The introduction spells out the ergonomic payoff and its mechanism (Interacting.adoc): dirty checking means "after modifying an entity, we don't need to perform any explicit operation to ask Hibernate to propagate that change back to the database. Instead, the change will be automatically synchronized with the database when the session is flushed." This is the exact inverse of the functional mappers: where Ecto's Changeset, Diesel's AsChangeset, or SeaORM's ActiveModel make the change set an explicit value you hand over, Hibernate infers it by comparing each entity to its load-time snapshot.
Entity lifecycle states. An instance is in one of four states with respect to a session (Session.java): transient ("never persistent, and not associated with the Session"), persistent ("currently associated with the Session"), detached ("previously persistent, but not currently associated"), and removed (marked for deletion by remove()). Transitions are persist() (transient → persistent), remove() (persistent → removed), detach()/clear() (persistent → detached), and merge() (copy a detached instance's state onto a managed one).

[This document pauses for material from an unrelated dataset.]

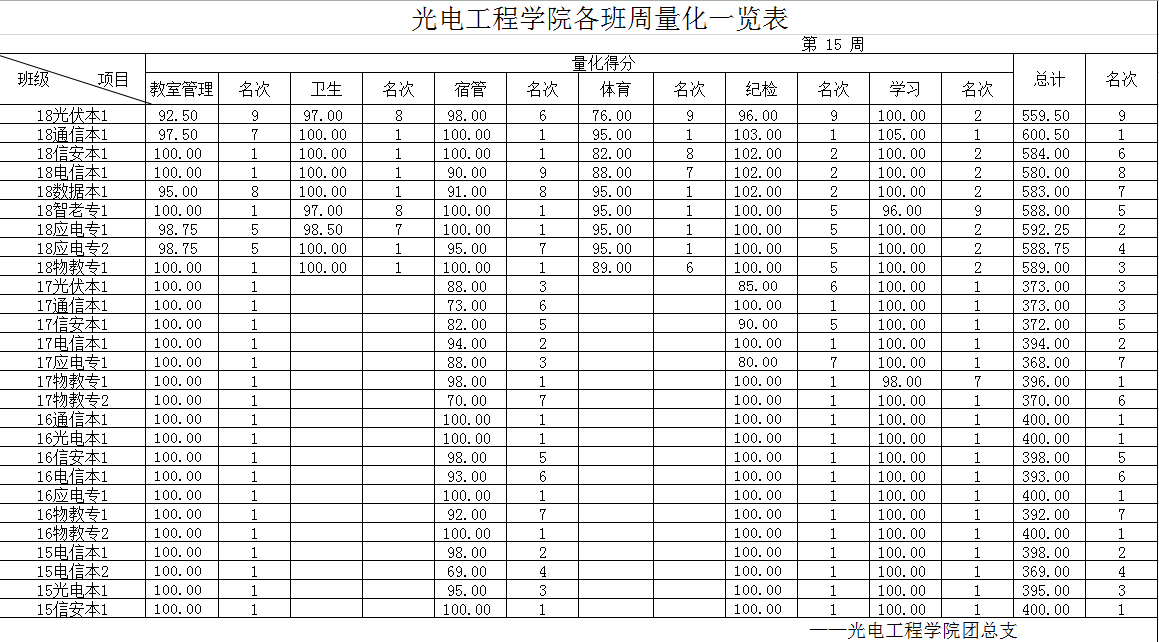 [量化成绩] 2018-2019-1 第15周各班量化一览表

Flush timing is implicit — and a documented foot-gun. SQL is not emitted when you call persist()/remove(); it is emitted at flush (Session.java): "SQL statements are often not executed synchronously by the methods of the Session interface." By default a flush is triggered (Interacting.adoc) "when the current transaction commits," "before execution of a query whose result would be affected by the synchronization of dirty state," or when the program calls flush(). Flushing "is a somewhat expensive operation (the session must dirty-check every entity in the persistence context)," and switching the FlushMode to COMMIT to skip pre-query flushes means "queries might return stale data" — the classic surprise.
The write-behind pipeline is event-driven. The Session is modelled as a stream of events dispatched to listeners: an event "represents a request by the session API for some work to be performed, and an event listener must respond … usually by scheduling some sort of action" (event/spi/package-info.java). The core listeners are FlushEventListener, AutoFlushEventListener, FlushEntityEventListener, DirtyCheckEventListener, PersistEventListener, MergeEventListener, DeleteEventListener, and LoadEventListener (all in event/spi/). A StatelessSession deliberately "does not produce events and does not make use of this framework" (event/spi/package-info.java).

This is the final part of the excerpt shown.